The Blanding of America

There's a lot at stake when selling presidential candidates--so why is their branding so stupifyingly dull?

Illustration: Michael Byers


One of the most indelible and enduring images of the 2008 presidential campaign was candidate Barack Obama's logo: a simple, clean, blue "O" rising like a sun above a prairie of receding red stripes. The design was instantly iconic, evoking hope, change, and a new dawn--all major themes of the Illinois senator's campaign.

Close your eyes and you can probably conjure it. The same can't be said of the logo for John McCain's campaign, or Hillary Clinton's. Obama's, created by Chicago-based designer Sol Sender, was so successful as a branding device that the president's team is using it again, only slightly tweaked, for the 2012 election.

"Obama really changed the way in which design can be used effectively for a candidate," says Debbie Millman, president of the design division at Sterling Brands. Millman credits the president's branding success to the oldest tricks in the ad book: simplicity and repetition. "It was a tremendously successful logo," she says. "He had a really powerful message--that 'change' message--and he repeated it over and over and over again. The consistency of that identity was even stronger than the identity itself. He owned the idea of change."

"The president's logo is totally the gold standard of any political candidate's logo," adds Scott Stowell, founder of the design shop Open.

(Of course, another recognizable image from that election cycle helped spread Obama's message and gave his image an added jolt of street cred: underground artist Shepard Fairey's mixed-media, stenciled "Hope" poster, which itself created a domino effect of other indie-produced Obama posters and artwork.)

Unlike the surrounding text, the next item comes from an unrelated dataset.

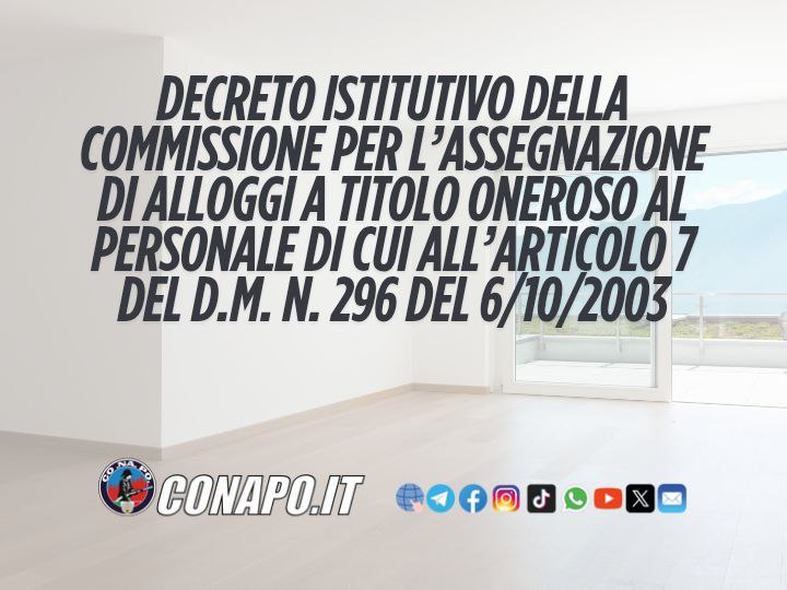 Decreto istitutivo della Commissione per l’assegnazione di alloggi a titolo oneroso al personale di cui all’articolo 7 del D.M. 6 ottobre 2003, n. 296.

That personal branding matters in modern politics is a lesson that dates back to the first televised Kennedy-Nixon debate in 1960, in which the dashing young senator from Massachusetts outshone the flop-sweating, unshaven vice president. But in 2008, for the first time, a candidate was successfully branded with as much design polish as personal swagger. And it helped carry Barack Hussein Obama straight into the White House.

If the election were held today based solely on branding prowess, Obama would handily carry the day again. This, at least, is the conclusion reached by a handful of the nation's leading graphic designers in a series of discussions with Adweek. When talking about design, the graphical gurus know what works. And they don't seem impressed by any of the GOP's initial 2012 efforts.

Political branding today is, in a word, bad. The experts all say the typical Republican logo has lost its macho mojo--think Bush's bold 2004 "W" graphical byte, McCain's 2008 optimum font, evoking the type on the Vietnam Memorial--and gone soft. It's also lost its ideological heft. "I don't think there's much good out there," Milton Glaser, the National Medal of Arts recipient behind the "I Love New York" logo and CBS Records' "Bob Dylan" poster--a black silhouette with psychedelic hair--tells Adweek.

"Nobody is taking the branding seriously," adds Millman. "It's really laughable. And it's shocking, given the sophistication of Obama's branding. The difference between Obama and the other candidates is that it's 360 degrees consistent."

In other words, the logo reflects the message, and vice versa. What's Mitt Romney trying to convey with the drippy "R" in his logo? What's that schmear of toothpaste across the "H" in Michele Bachmann's name? Why does Jon Huntsman's logo, perhaps the most sophisticated of the lot, look like it belongs to a hotel chain? These designs evoke nothing much, experts say, and tell us less than nothing about the candidates.